Тогда ко мне, о мой повелитель, после этих ободряющих слов вернулось мужество, и, хотя спутницы Зулейки были совершенно прекрасны, что было нетрудно заметить и самому неопытному глазу, а сама принцесса Зулейка была по крайне мере столь же прекрасна, как и ее юные подруги, мое сердце страстно желало ту, от которой так сильно взволновался ребенок моего отца в саду роз, — восхитительную Каирию, любимую подругу Зулейки. Однако я был осторожен раскрывать эти чувства, несмотря на все свое желание и на ободряющие слова Зулейки, ведь так я рисковал навлечь на свою голову обиды всех прочих девственниц. И только когда я осмотрел их всех с величайшим вниманием, я повернулся к принцессе Зулейке и сказал ей:
— О госпожа моя, я должен начать с того, что не могу сравнить твои прелести с прелестями твоих спутниц, ибо сияние луны не сравнится с мерцанием звезд! И твоя красота такова, что глаза мои могли бы смотреть только на нее!

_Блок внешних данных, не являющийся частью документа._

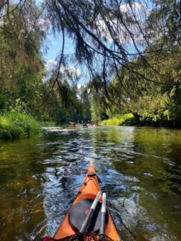 На протяжении всего маршрута, составившего 20 километров, участники турклуба преодолевали извивающиеся потоки реки, осваивали навыки маневрирования и уверенно обходили препятствия на каяках.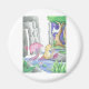 Sötnos med sjöjungfru katt med rosa och lila svan i en utdragen vatten-trädgård med vattenfall och groda.

И, произнося эти слова, я не мог не бросить умоляющий взгляд на восхитительную Каирию, чтобы дать ей понять — только благопристойность продиктовала мне эту лесть по отношению к принцессе.

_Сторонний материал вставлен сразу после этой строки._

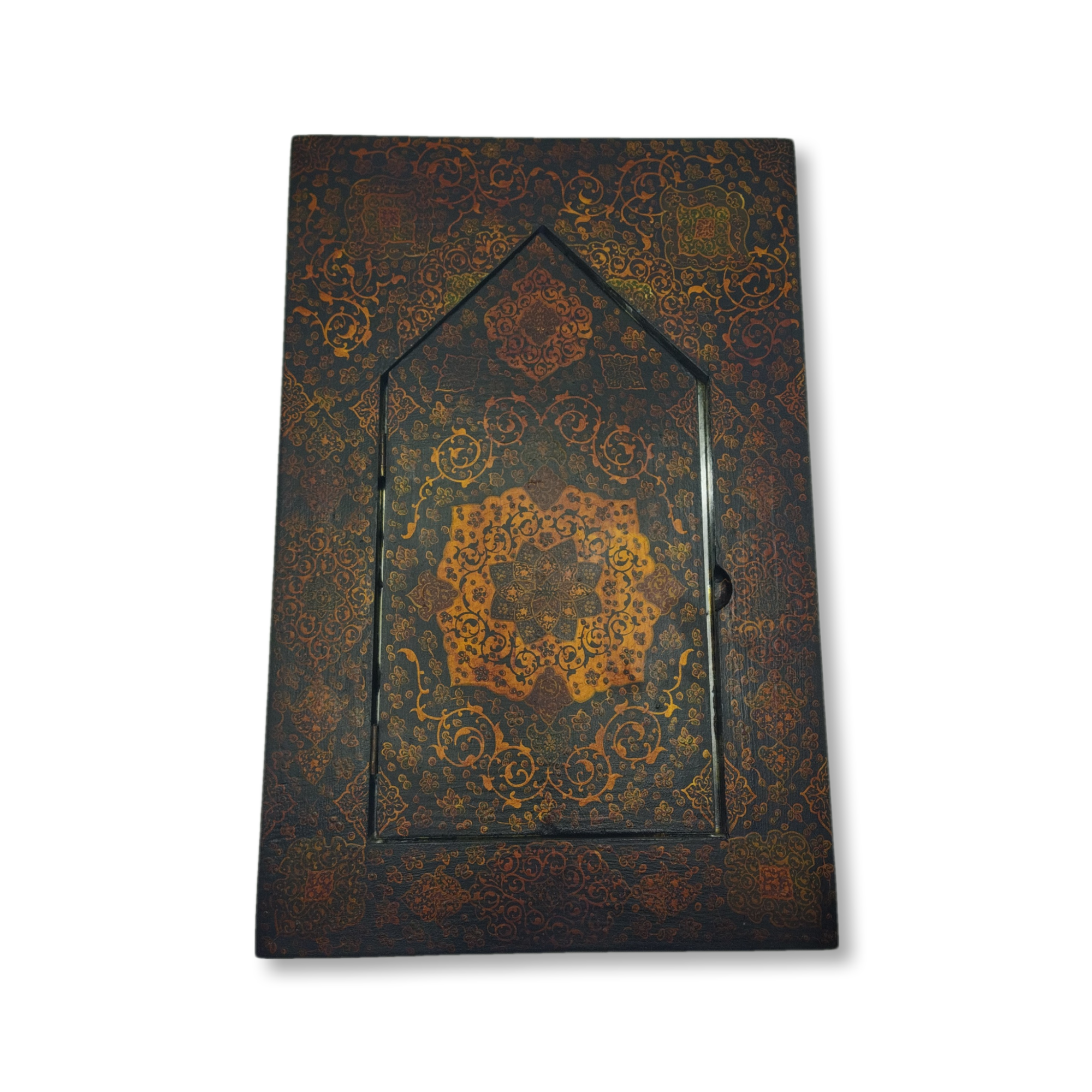 Antiqued wall-mounted mirror with door – Painting design (Tazhib)

И, услыхав такой мой ответ, Зулейка сказала, улыбаясь:
— Ты преуспел, о Хасан, хотя лесть твоя очевидна. Так поспеши же теперь, когда ты говоришь свободнее, открыть нам глубину сердца своего, рассказав нам, какая из всех этих девушек больше всего пленяет тебя.
И в свою очередь, все девушки объединили просьбы свои с просьбой принцессы, чтобы я поспешил выразить мое предпочтение. И между ними Каирия, наверняка уже догадавшаяся о моих тайных мыслях, проявляла самое горячее желание заставить меня говорить.

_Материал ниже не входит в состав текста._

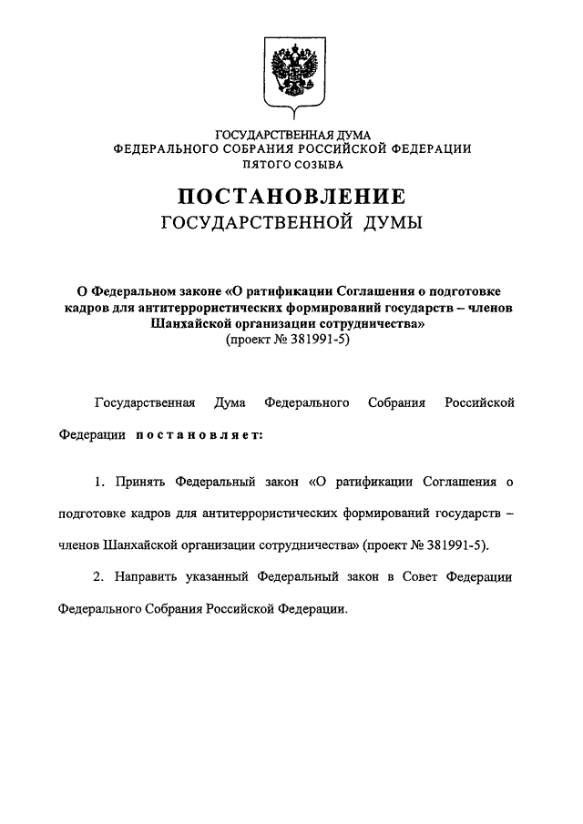 "О ФЕДЕРАЛЬНОМ ЗАКОНЕ "О РАТИФИКАЦИИ СОГЛАШЕНИЯ О ПОДГОТОВКЕ КАДРОВ ДЛЯ АНТИТЕРРОРИСТИЧЕСКИХ ФОРМИРОВАНИЙ ГОСУДАРСТВ - ЧЛЕНОВ ШАНХАЙСКОЙ ОРГАНИЗАЦИИ СОТРУДНИЧЕСТВА" (ПРОЕКТ N 381991-5)"

Тогда я, о мой повелитель, изгнав остатки застенчивости своей, уступил всем этим повторным требованиям девушек и их госпожи, повернулся к Зулейке и сказал ей, показывая жестом на юную Каирию:
— О моя повелительница, вот, это та самая, которую я хочу! Клянусь Аллахом! Именно к милой Каирии и стремиться мое самое большое желание!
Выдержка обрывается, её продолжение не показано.